Expected value of exponential martingale

Question

$(B_t)_{t\ge 0}$ is a Brownian motion starting from $0$. For $x>0$ define $\sigma_x=\inf\lbrace t\ge 0:B_t\le t-x\rbrace$ and $W_t=\exp(\lambda B_t-\frac{\lambda^2}{2}t)$. I am trying to verify that

$$E(W_{\sigma_x})=1 \iff \lambda \le 1. $$

I don't see how the condition $\lambda \le 1$ applies.

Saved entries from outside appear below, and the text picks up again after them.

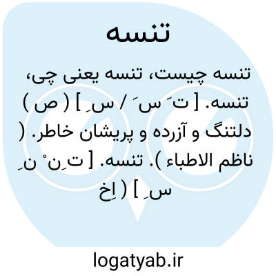 تنسه. [ ت َ س َ / س ِ ] ( ص ) دلتنگ و آزرده و پریشان خاطر. ( ناظم الاطباء ).
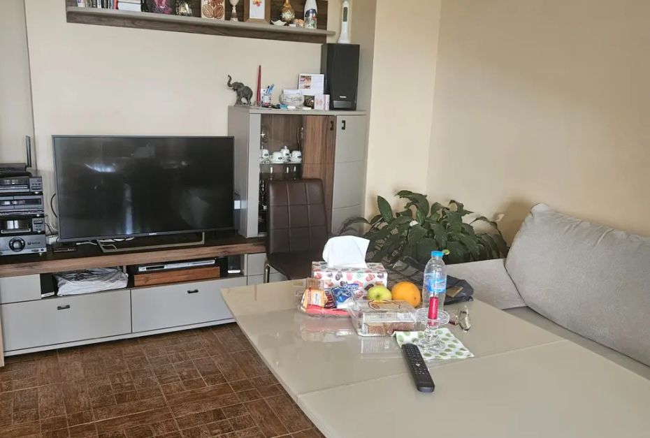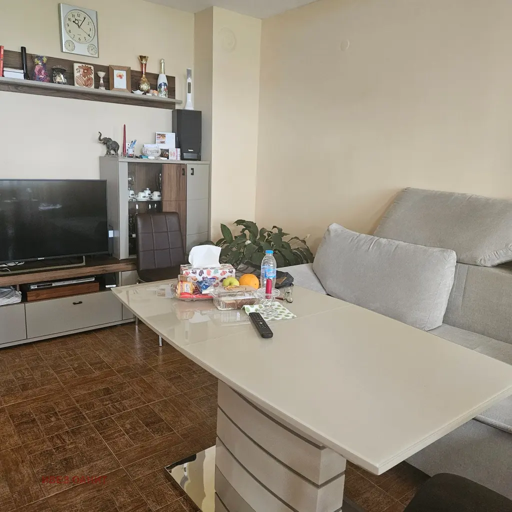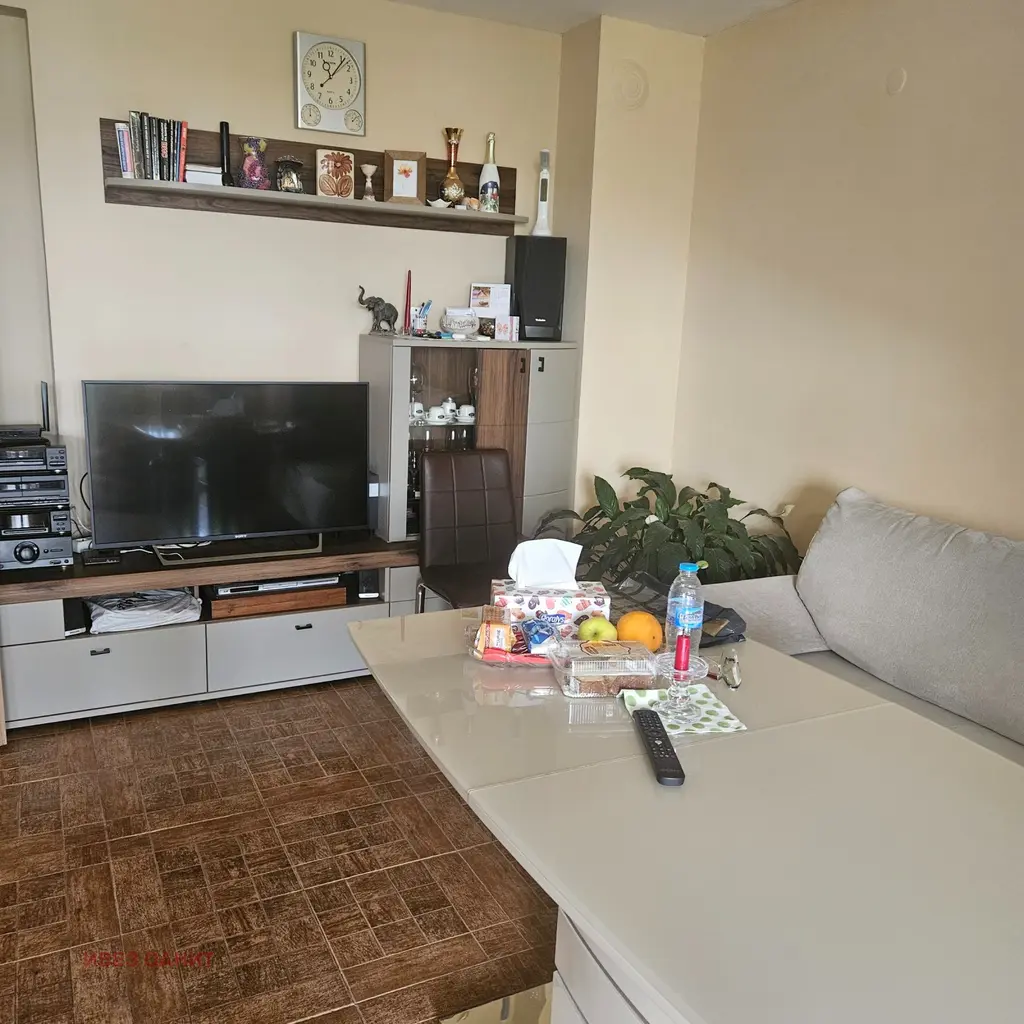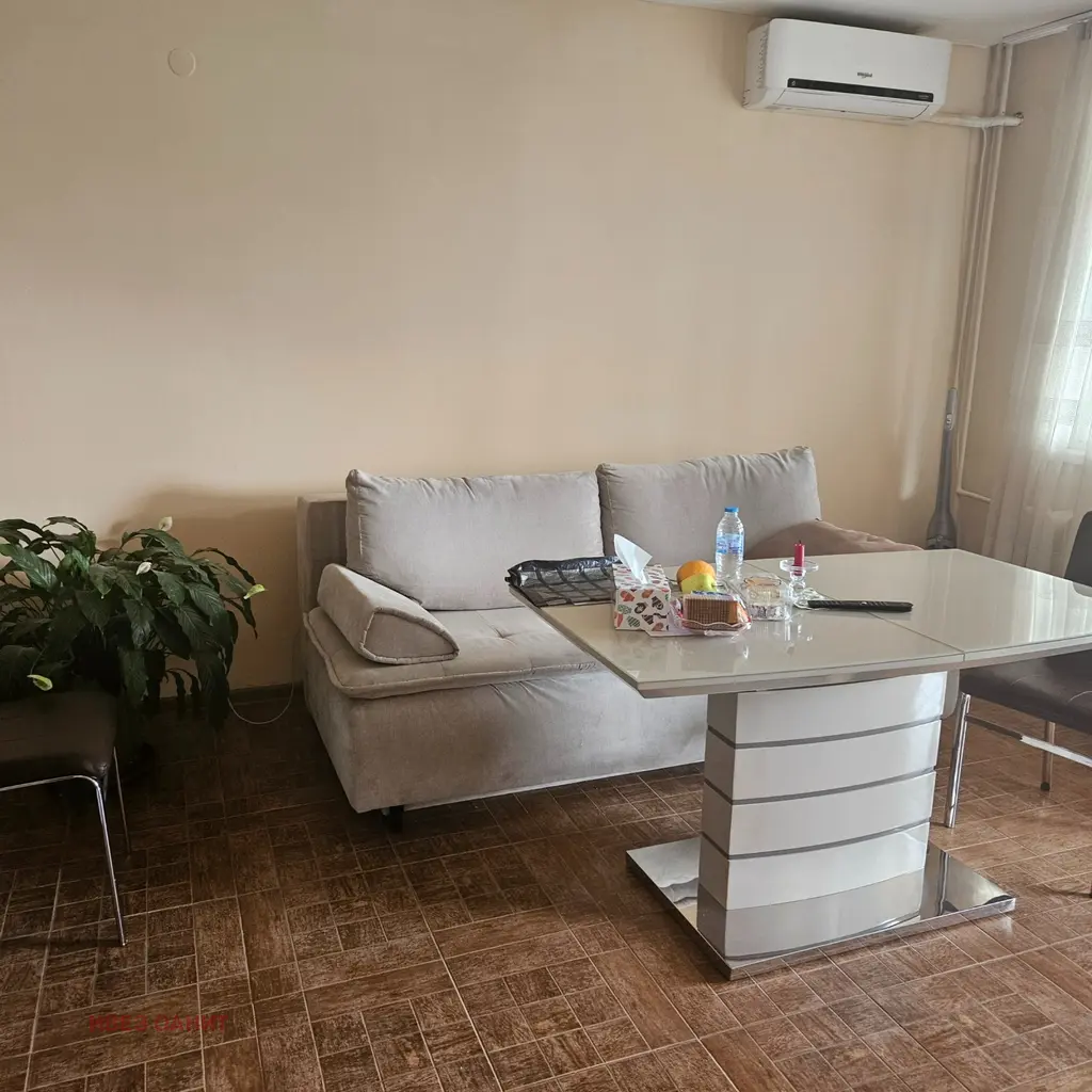 Сградата е разположена на тиха, вътрешна улица в квартала, в близост до църквата и пощата. Жилището е просторно, светло с отлична гледка, изложение север/юг. Разпределението е: голямо входно антре, самостоятелни дневна с огромна покрита тераса и светъл кухненски бокс, самостоятелна спалня с тераса, ориентирана на юг, просторна баня и тоалетна. Към имота има мазе с площ около 6кв.м. Напълно завършен и обзаведен с нови мебели и електроуреди, както се вижда по снимките. Огледи по договорка, разполагаме с ключ, 0888699922
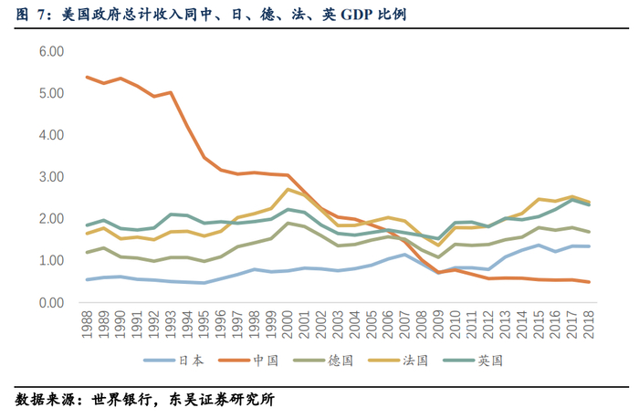 美国政府(包括联邦政府、州政府以及各级地方政府)总计直接收入在2019财年(2018年10月1日至2019年9月30日)达到近7万亿美元,这是一个什么概念呢?7万亿美元的美国政府总计直接收入约为2019年日本名义GDP的1.34倍,德国的1.69倍,法国的2.40倍,英国的2.33倍;这意味着美国政府的总计直接收入可以购买德、法、英任意两国在2019年全年创造的所有总产出。
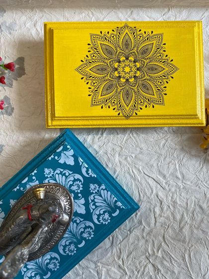 Each piece is handcrafted using MDF wood and decorated with detailed hand-painting. My designs blend traditional art forms with contemporary aesthetics, making them unique conversation starters.
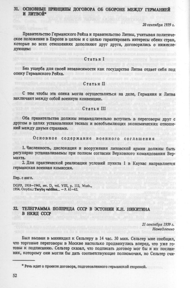 Основные принципы договора об обороне между Германией и Литвой. 20 сентября 1939 г. // Documents on German Foreign Policy (DGFP). 1918-1945, set. D, vol. VIII, р. 112, Wash., 1954. Опубл.: Tarybų valdžios atkūrimas Lietuvoje. 1940 metai: Dokumentu rinkinys. V., 1986, p. 61-62.
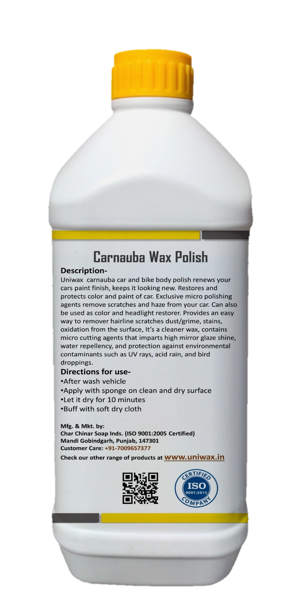 Polishing and Waxing: uniwax car polishes have hybrid properties in that they not only polish the surface to remove imperfections but also contain wax or other protective agents that leave a glossy finish and provide some level of protection to the paint.
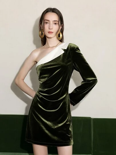 單肩拼接面絲絨連衣裙 - 軍綠色 - 查看 1
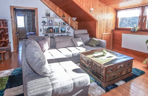 4-room apartment 110 m2, on the top floor. Object suitable for 5 adults. Spacious, partly with sloping ceilings, cosy and wooden furniture furnishings: large living room with satellite TV, radio and tiled stove. 1 double bedroom. Exit to the balcony. 1 double bedroom with hand-basin. Exit to the balcony. 1 room with 1 double sofabed (160 cm, length 200 cm). Large kitchen (oven, dishwasher, 4 ceramic glass hob hotplates, microwave, freezer, electric coffee machine) with dining nook. Bath/shower, sep. WC. Balcony. Balcony furniture. Beautiful panoramic view of the countryside. Facilities: Internet (WiFi, free). Please note: suitable for families. Non-smokers only. Smoke alarm. There is a video-monitored garage available. Protection for valuable vehicles.
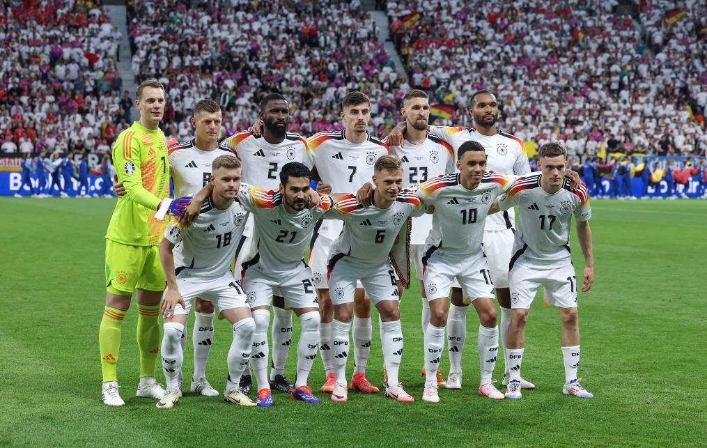 6月23日,歐錦賽A組第三輪比賽前,德國隊首發球員合影。新華社記者 白雪飛 攝
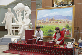Arkadag şäheriniň ýörite sungat mekdebiniň mugallymlary we talyplary aýdym-saz bilen çykyş etdiler.
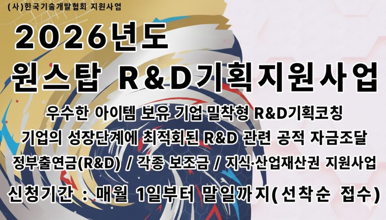 | » | 한국기술개발협회, 2026년도 원스탑 R&D 기획지원사업 공고 | 한국기술개발협 | 2025.12.03 | 2856 |
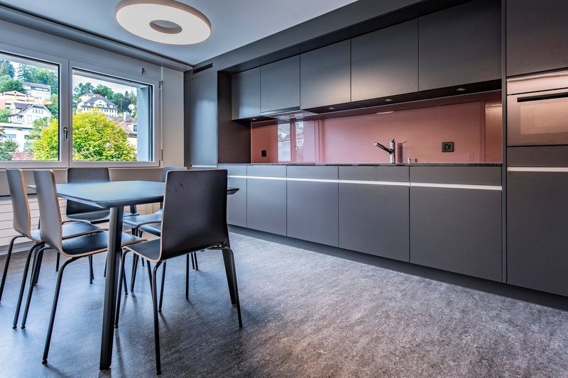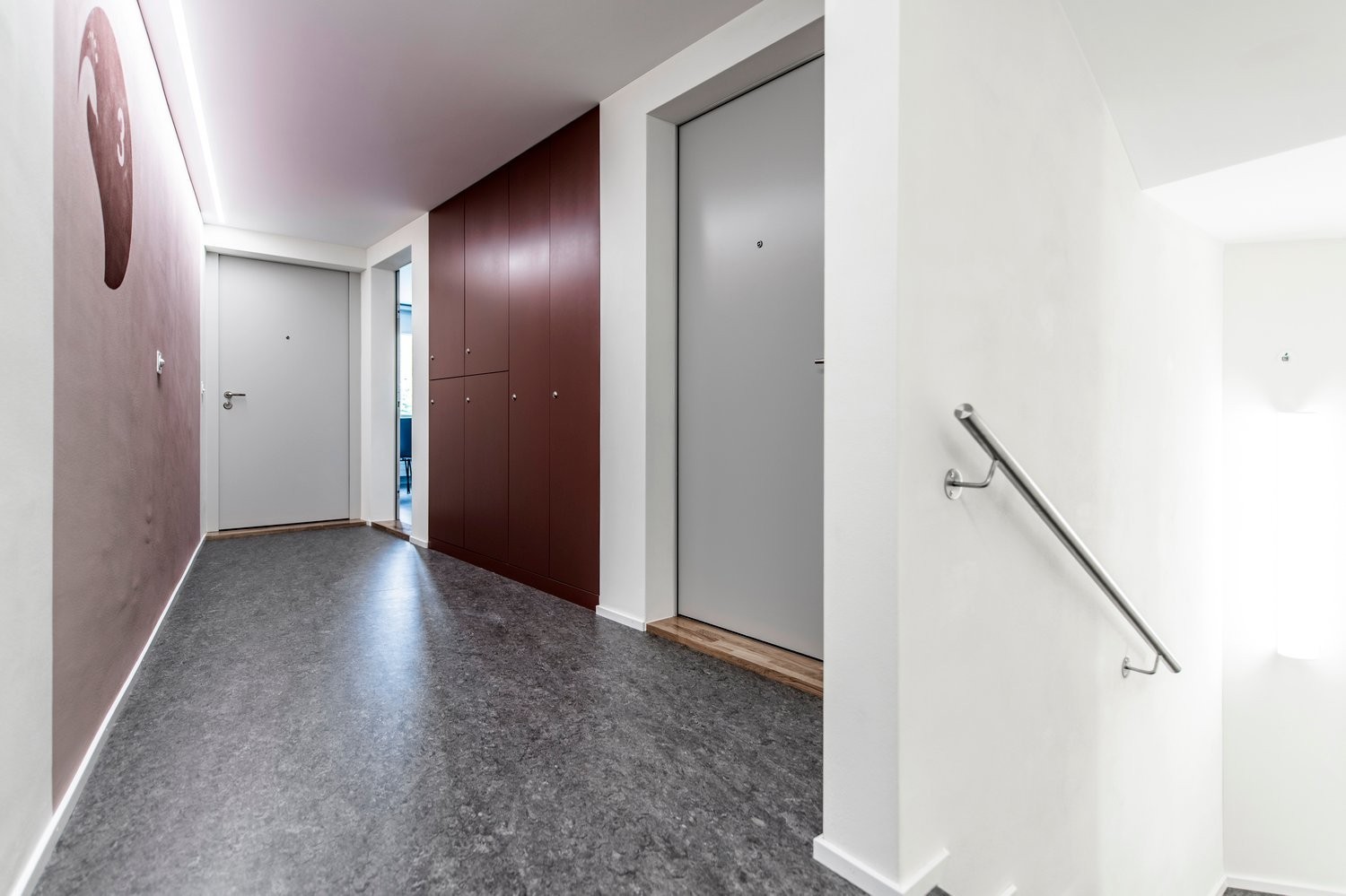 Die Wohnung verfügt über eine eigene Nasszelle (Dusche/WC) - für maximalen Komfort und Privatsphäre. Auf jedem Stockwerk steht eine moderne Gemeinschaftsküche zur Verfügung - ideal, um sich beim Kochen auszutauschen oder ab und zu gemeinsam den Tag ausklingen zu lassen. Abschliessbare Schränke im Korridor bieten zusätzlichen Stauraum. Im Untergeschoss befinden sich weitere Abstellmöglichkeiten sowie eine allgemeine Waschküche mit drei Waschtürmen - alles, was es für unkompliziertes Wohnen braucht.
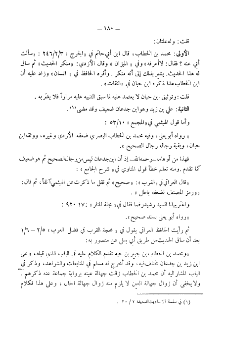 ابن زيد بن جدعان مختلف فيه، وقد أخرج له مسلم في المتابعات والشواهد)، وذكر في الباب المشار إليه أن محمد بن الخطاب زالت جهالة عينه برواية جماعة عنه ذكرهم. ولا يخفى أن زوال جهالة العين لا يلزم منه زوال جهالة الحال، وعلى هذا فكلام
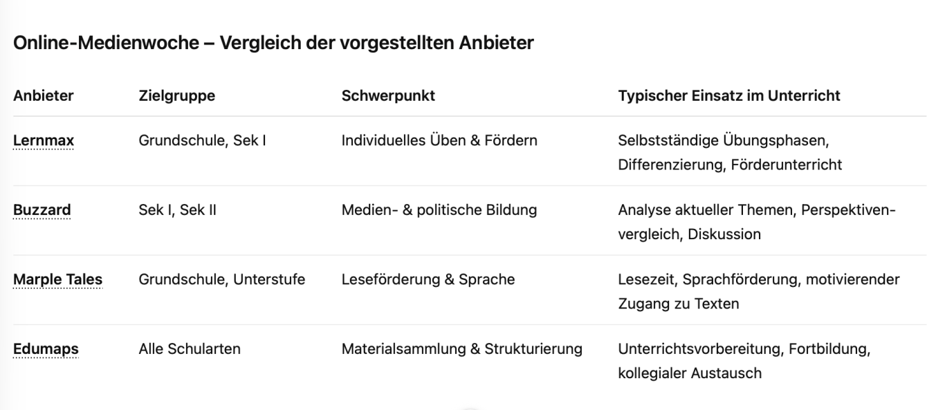 Online-Medienwoche – beteiligte Medienanbieter (Kurzvorstellung)
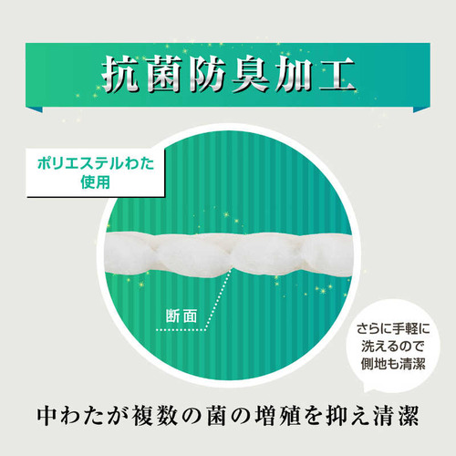 ●手軽にお洗濯OKで、抗菌防臭機能もプラスした「ベットパッド」。●詰物:ポリエステル100% (抗菌防臭加工)●側地:ポリエステル65%、綿35%※4角スベリ止めゴム付※洗濯ネット付●抗菌防臭加工:抗菌防臭加工が施されています。●ウォッシャブル:水洗い可能な商品です。●幅220×長さ195cm 2台ベッドをくっつけて使用しているお客様に最適(サイズをお確かめください)
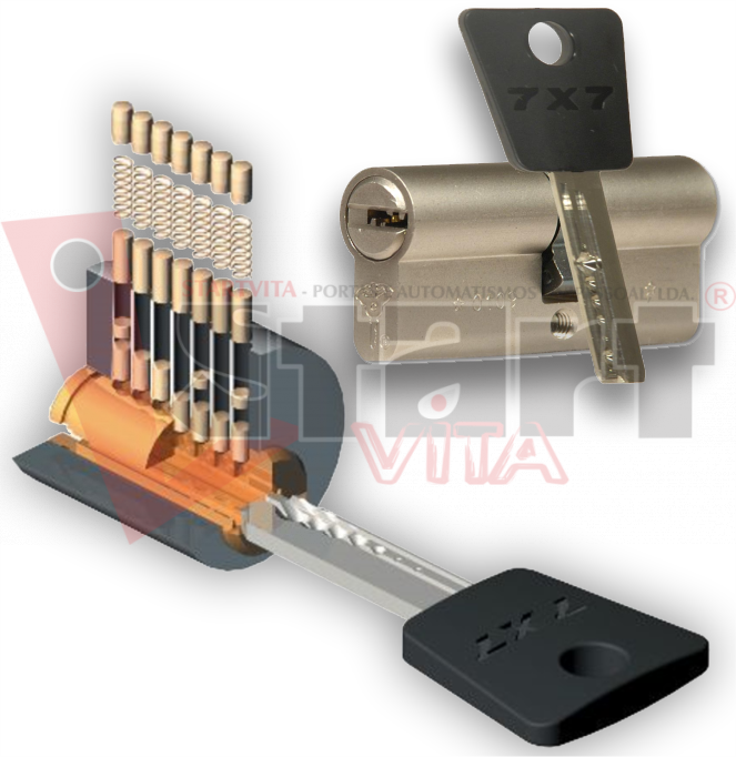 Os cilindros de segurança do sistema 7×7 Mul-T-Lock têm um mecanismo de tambor de pinos com 7 câmaras.
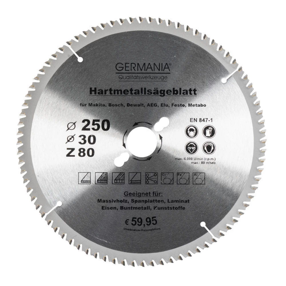 Dieses Multifunktionssägeblatt mit 250 mm Durchmesser und 80 Hartmetallzähnen von GERMANIA eignet sich für Maschinen von Makita, Bosch, Dewalt, AEG, Elu, Festo oder Metabo mit 30 mm Bohrung. Ideal für Zuschnitte in Massivholz, Spanplatte, Laminat, Eisen, Buntmetall, Kunststoffe. Die gehärteten und geschliffene Zähne aus Hartmetall sind extrem scharf und für feine und saubere Schnitte geeignet. Das Sägeblatt kann auch nachgeschärft werden.
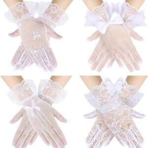 4 Pairs Tea Party Gloves for Little Girls Kids Lace Short White Satin Princess D
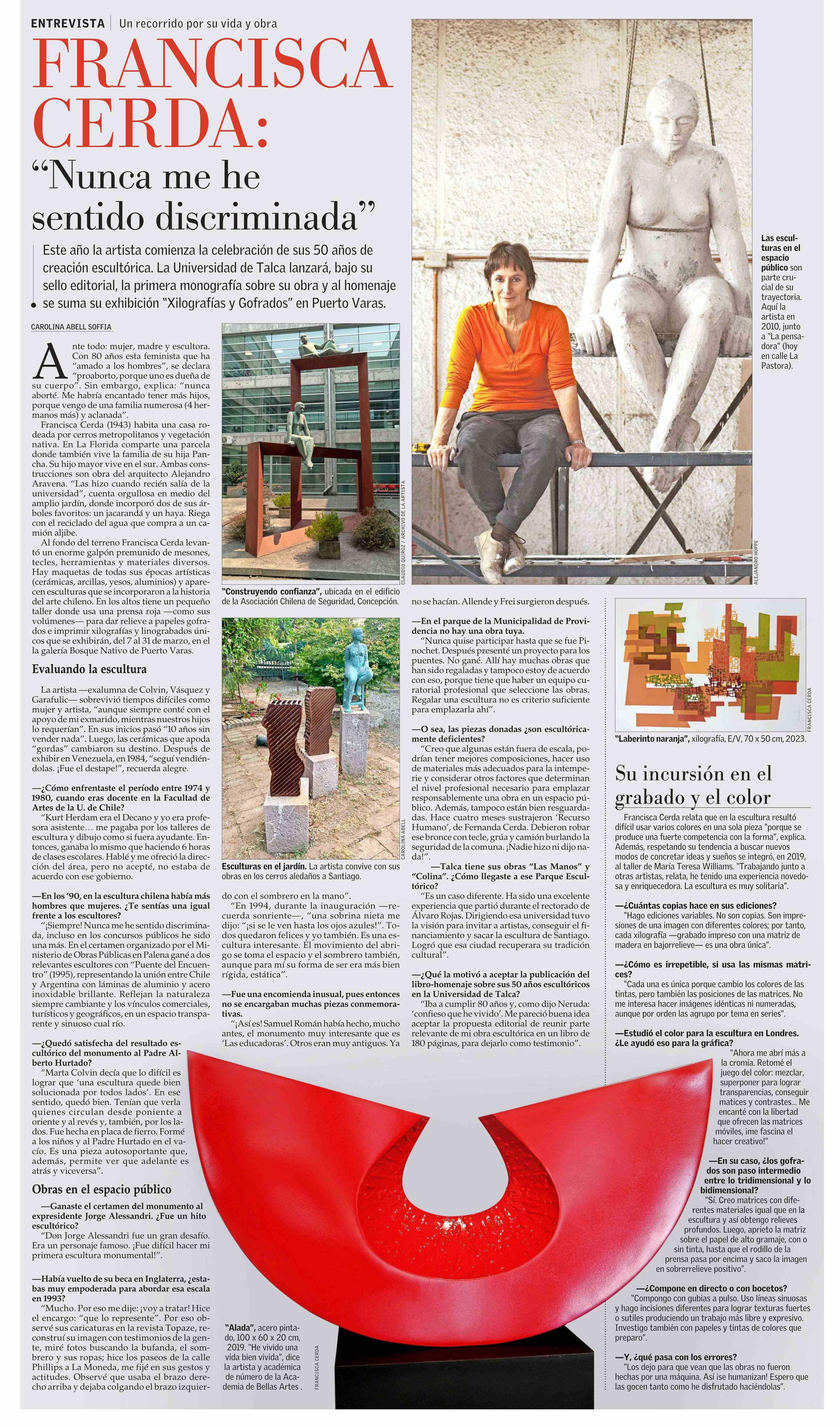 FRANCISCA CERDA: “Nunca me he sentido discriminada” 03-03-2024 El Mercurio |

Since $\sigma_x$ is a stopping time, by the martingale stopping theorem I have $E(W_{\sigma _x})=E(\exp(\lambda B_{\sigma_x}-\frac{\lambda ^2}{2}\sigma_x))=E(\exp(\lambda B_0 - \frac{\lambda}{2} 0))=E(\exp(0))=1$.

How do I obtain the constraint $\lambda \le 1$?

Answer 1

Define $\tilde{B}_t$ and $\tilde{\sigma}_x$ by

$$ \tilde{B}_t = B_t - \lambda t, \qquad \tilde{\sigma}_x = \inf \{ t \geq 0 : B_t \leq (1-\lambda)t - x \}.$$

For each fixed $T$, define the probability measure $\Bbb{Q}$ by $\Bbb{Q}( \cdot ) = \Bbb{E}[W_T \mathbf{1}_{(\cdot)}]$, where $\Bbb{E}$ denotes the expectation w.r.t. $\Bbb{P}$. Then by the Girsanov's theorem, $(\tilde{B}_t : 0 \leq t \leq T)$ is a standard Brownian motion w.r.t. $\Bbb{Q}$ and thus

$$ \Bbb{P}(\tilde{\sigma}_x > T) = \Bbb{Q}(\sigma_x > T) = \Bbb{E}[ W_T \mathbf{1}_{\{ \sigma_x > T \}} ].$$

Here, we utilized the fact that $\sigma_x$ can be written as $ \sigma_x = \inf \{ t \geq 0 : \tilde{B}_t \leq (1-\lambda)t - x \}$. Now by the optional stopping theorem applied to the bounded stopping time $T \wedge \sigma_x$, we have

\begin{align*} 1 = \Bbb{E}[W_{T\wedge \sigma_x}] &= \Bbb{E}[ W_{\sigma_x} \mathbf{1}_{\{ \sigma_x \leq T \}} ] + \Bbb{E}[ W_T \mathbf{1}_{\{ \sigma_x > T \}} ] \\ &= \Bbb{E}[ W_{\sigma_x} \mathbf{1}_{\{ \sigma_x \leq T \}} ] + \Bbb{P}(\tilde{\sigma}_x > T). \end{align*}

Letting $T \to \infty$, monotone convergence theorem shows that

$$ \Bbb{E}[W_{\sigma_x}] = \Bbb{P}(\tilde{\sigma}_x < \infty). $$

This becomes $1$ exactly when $\lambda \leq 1$.